Complex Number Problem #2

Show that $e^{i \theta} + e^{-i \theta} = 2 cos \theta$ . Hence show that $\mathrm{cos}^3 \theta = \frac{1}{4} (\mathrm{cos}3 \theta + 3 \mathrm{cos} \theta)$

For the first part, we can simply apply Euler’s Formula, that is $e^{i \theta} = \mathrm{cos} \theta + i \mathrm{sin} \theta$

$e^{i \theta} + e^{-i \theta}$
$= \mathrm{cos} \theta + i \mathrm{sin} \theta + \mathrm{cos} (- \theta) + i \mathrm{sin} (- \theta)$
$= \mathrm{cos} \theta + i \mathrm{sin} \theta + \mathrm{cos} \theta - i \mathrm{sin} \theta$
$= 2 \mathrm{cos} \theta$

The next part is a little more tricky, and since its hence, we will use what we solved previously to help us.

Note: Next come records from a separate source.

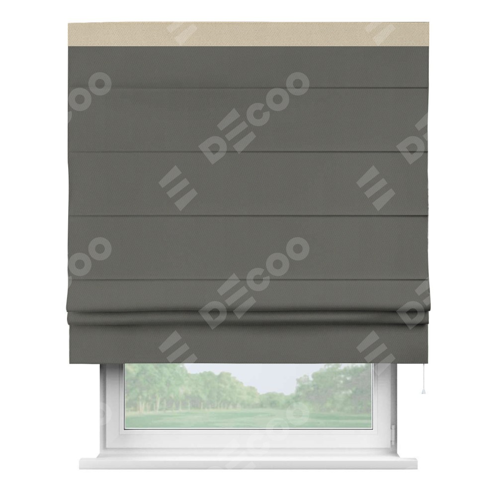 Римская штора «Кортин» для проема, блэкаут однотонный тёмно-серый с кантом Кинг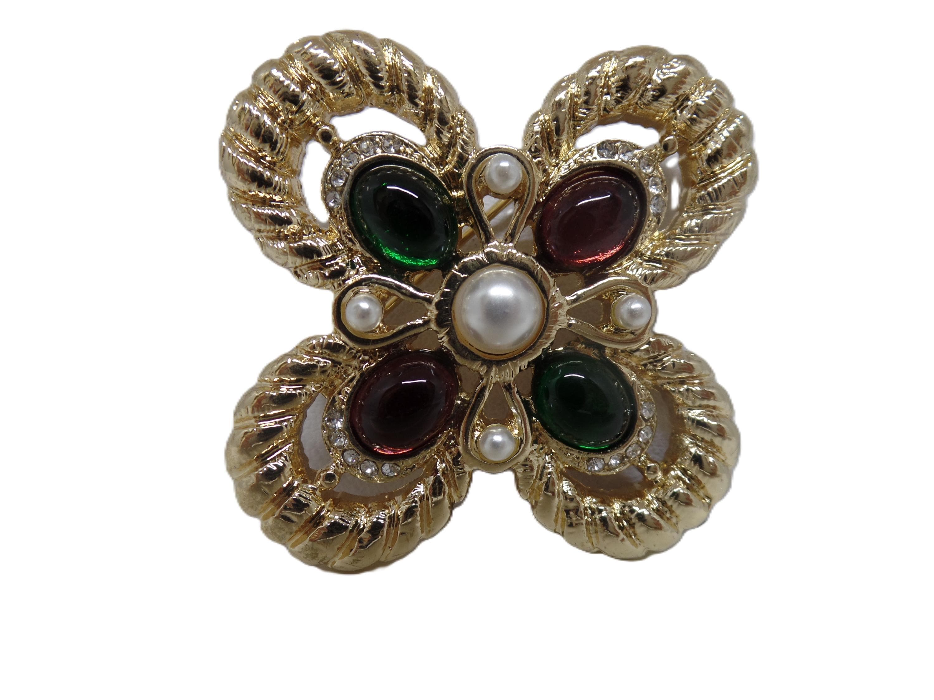Green Cabochon and Pearl Maltese Cross Mogul Style Brooch Pin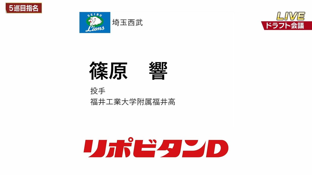 西武ドラ5篠原響「最速149キロ福井のドクターK」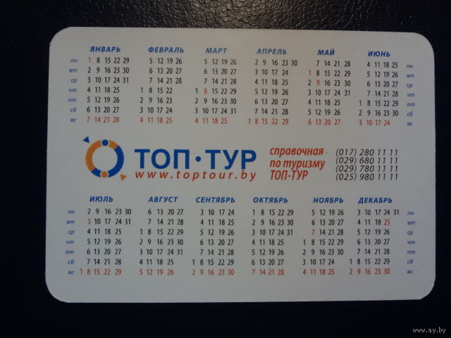 Календарик 2007 г. Топ-тур. Горы, лыжи, Топ-тур.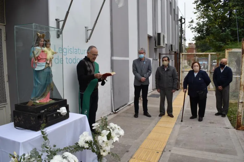 El presidente del Poder Legislativo, Hugo Sager, recibió la imagen de María Auxiliadora y compartió la oración y bendición realizadas por el diácono Edgardo Colombo. La imagen permanecerá en el recinto legislativo hasta las 10 del viernes 11, para continuar su recorrido en la sede de la Municipalidad de Resistencia.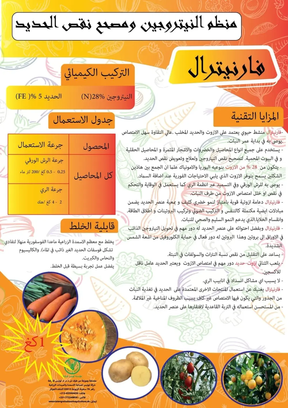 فارنيترال منشط حيوي يعتمد على الآزوت والحديد المخلب عالي النقاوة وسهل الامتصاص مصمم لتصحيح نقص النيتروجين والحديد بفعالية.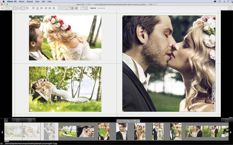 Unique album software allowing to design all spreads in a single view using grid mode, swapping images between spreads.
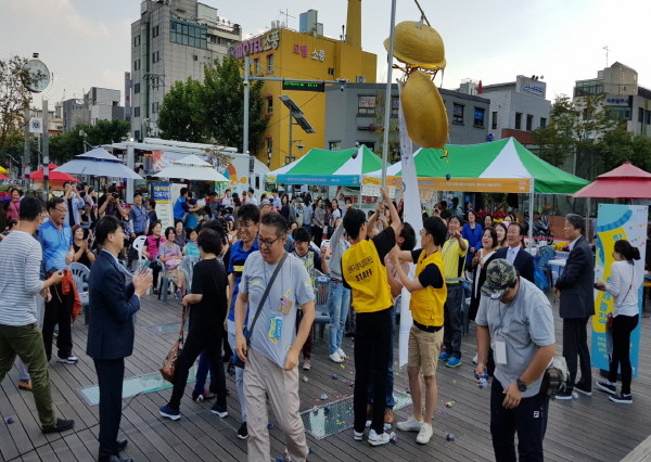 성북구가 최근 구청 앞 바람마당에서 마을공동체와 사회적기업, 협동조합, 자활기업 등 60여개 단체가 참여한 가운데 마을공동체·사회적경제 한마당 '열려라 함께!'를 개최했다. 사진은 참여자들이 박 터뜨리기 퍼포먼스를 통해 행사 시작을 알리는 모습.(사진제공=성북구청)

$e^{i \theta} + e^{-i \theta} = 2 cos \theta$
$\Rightarrow cos \theta = \frac{1}{2}(e^{i \theta} + e^{-i \theta})$

$\mathrm{cos}^3 \theta$

$= (\mathrm{cos})^3$

$= [\frac{1}{2}(e^{i \theta} + e^{-i \theta})]^3$

$= \frac{1}{8}(e^{i \theta} + e^{-i \theta})^3$

$= \frac{1}{8}(e^{i 3\theta} + 3 e^{i 2\theta}e^{-i \theta} + 3 e^{i \theta}e^{-i 2\theta} + e^{-i 3\theta})$

$= \frac{1}{8}(e^{i 3\theta} + 3 e^{i \theta} + 3 e^{-i \theta} + e^{-i 3\theta})$

$= \frac{1}{8}\{\mathrm{cos} 3\theta + i \mathrm{sin} 3\theta + 3(\mathrm{cos} \theta + i \mathrm{sin} \theta) + 3[\mathrm{cos} (-\theta) + i \mathrm{sin} (-\theta)] + \mathrm{cos} (-3\theta) + i \mathrm{sin} (-3\theta) \}$

$= \frac{1}{8}(\mathrm{cos} 3\theta + i \mathrm{sin} 3\theta + 3\mathrm{cos} \theta + 3i \mathrm{sin} \theta + 3\mathrm{cos} \theta - 3i \mathrm{sin} \theta + \mathrm{cos} 3\theta - i \mathrm{sin} 3\theta)$

$= \frac{1}{8}(\mathrm{cos} 3\theta + 3\mathrm{cos} \theta + 3\mathrm{cos} \theta + \mathrm{cos} 3\theta)$

$= \frac{1}{8}(2\mathrm{cos} 3\theta + 6\mathrm{cos} \theta )$

$= \frac{1}{4}(\mathrm{cos} 3\theta + 3\mathrm{cos} \theta )$

Just for fun…

$2e^{\frac{5\pi}{6}i} + \frac{1}{2e^{\frac{5\pi}{6}i}}$
$= 2e^{\frac{5\pi}{6}i} + \frac{1}{2}2e^{\frac{-5\pi}{6}i}$
$= 2 [\mathrm{cos}(\frac{5\pi}{6}) + i \mathrm{sin}(\frac{5\pi}{6})] + \frac{1}{2 } [\mathrm{cos}(\frac{-5\pi}{6}) + i \mathrm{sin}(\frac{-5\pi}{6})]$
$= 2 (\frac{-\sqrt{3}}{2} + i \frac{1}{2}) + \frac{1}{2} (\frac{-\sqrt{3}}{2} - i \frac{1}{2})$
$= -\sqrt{3} + i + \frac{-\sqrt{3}}{4} - i\frac{1}{4}$
$= -\frac{5\sqrt{3}}{4} + \frac{3}{4}i$

$e^{x+yi} = (1+i)^6 = [\sqrt{2}e^{i\frac{\pi}{4}}]^6$
$e^{x+yi} = 8e^{i\frac{3\pi}{2}}$
$e^x \times e^{yi} = 8 e^{i\frac{3\pi}{2}}$
$\Rightarrow e^x = 8 \Rightarrow x = \mathrm{ln}8 = 3 \mathrm{ln}2$
$\Rightarrow y = \frac{3\pi}{2} - 2\pi = \frac{-\pi}{2}$

Complex Number Problem #1

About

KS Teng

KS has been teaching H2/H1 Mathematics and IB mathematics for the more than 10 years. Having taught students from all various Junior Colleges, KS adapts to students' abilities and help them better understand the topics. As someone who loves to teach mathematics and sees it as a truly useful tool in life, KS seeks to enable students to appreciate math. Therefore, his tuition mission is to motivate and cultivate students to be independent and confident thinkers.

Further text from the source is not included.